Sunday, 4 June, 2023

Sleep Well For Healthier Life

Dr. Shyam P Lohani

On 15 March, the World Sleep Day 2022 was observed with a theme “Quality Sleep, Sound Mind, and Happy World”. Sleep is essential for good health; therefore, enough quality sleep is vital for helping a person maintain optimal health and well-being. Sleep allows both the body and the mind to recharge, leaving us refreshed and alert when we wake up. Sleep is as vital as other daily needs such as food and water.

Quality sleep helps the body remain healthy and fight off diseases. Deprivation of sleep affects brain functioning. Sleep deprivation can impair our abilities to concentrate, think clearly, process memories, and oftentimes decision making. Sleep deprivation can also put overall health and safety at risk. Therefore, it is essential to prioritise and ensure adequate sleep on a daily basis.
An estimated one in three adults does not get enough sleep. Although sleep needs vary from person to person, most adults require between seven to nine hours of nightly sleep as suggested by the Centre for Disease Control and Prevention (CDC, 2020). Children and teenagers need substantially more sleep and children aged below five years need even more. There are several reasons such as work schedules, day-to-day stressors, a disruptive bedroom environment, and medical conditions that can all prevent us from receiving enough sleep.

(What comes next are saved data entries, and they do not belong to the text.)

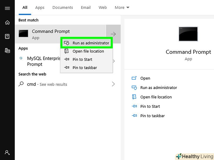 Запустіть сервер Apache. Відкрийте командний рядок від імені адміністратора; для цього клацніть правою кнопкою миші по «Пуск» «, виберіть "командний рядок (адміністратор)" і натисніть "Так", коли з'явиться запит. Тепер виконайте наступні дії:
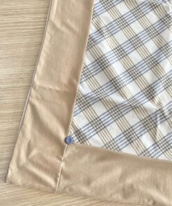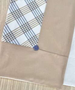 Copertina neonato in cotone, di colore bianco, nocciola e blu, con applicazione di bottoncini.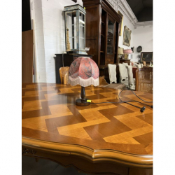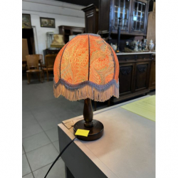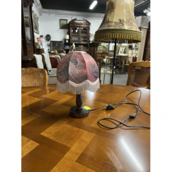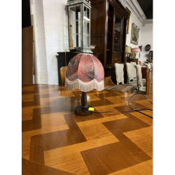 Stylowa lampa stołowa z pięknym, kolorowym abażurem.

An adequate amount of sleep each night depends on a healthy diet and positive lifestyle habits.

Sleep has links to several brain functions, including concentration, productivity, decision making, and cognition. Adequate sleep allows our body to regulate blood pressure itself. Low sleep quality and duration may increase the risk of developing heart disease. The association between sleep and mental health has been established well. It has been shown that there is a link between lack of sleep and depression. Short sleep and or poor quality sleep is associated with a greater risk of developing type 2 diabetes and insulin resistance.

Sleep helps the body repair, regenerate, and recover. Research has shown that good sleep helps our immunity to work better, thus sleep quality can help the body fight off infections. Lack of sleep has been shown to impair immunity and our ability to fight infections. There have been studies showing the link between less amount of sleep to weight gain and obesity. Similarly, sleep loss reduces our ability to regulate emotions and interact socially. People who are deprived of quality sleep may experience a range of symptoms, including fatigue, irritability, mood changes, difficulty focusing and remembering, and also a reduced sex drive.

The sleep cycle is regulated by an internal body clock that operates 24 hours known as circadian rhythm. This regulates the sleep cycle, controlling when you feel tired and ready for bed or refreshed and alert. After waking up from sleep, we become increasingly tired throughout the day. These feelings will peak in the evening and thus, our desire to go to bed. Light influences the circadian rhythm which is regulated by the hypothalamus in the brain, and there is a cluster of cells in the hypothalamus called the suprachiasmatic nucleus that processes signals when the eyes exposed to natural or artificial light. The signals generated in the brain help determine whether it is daytime or night.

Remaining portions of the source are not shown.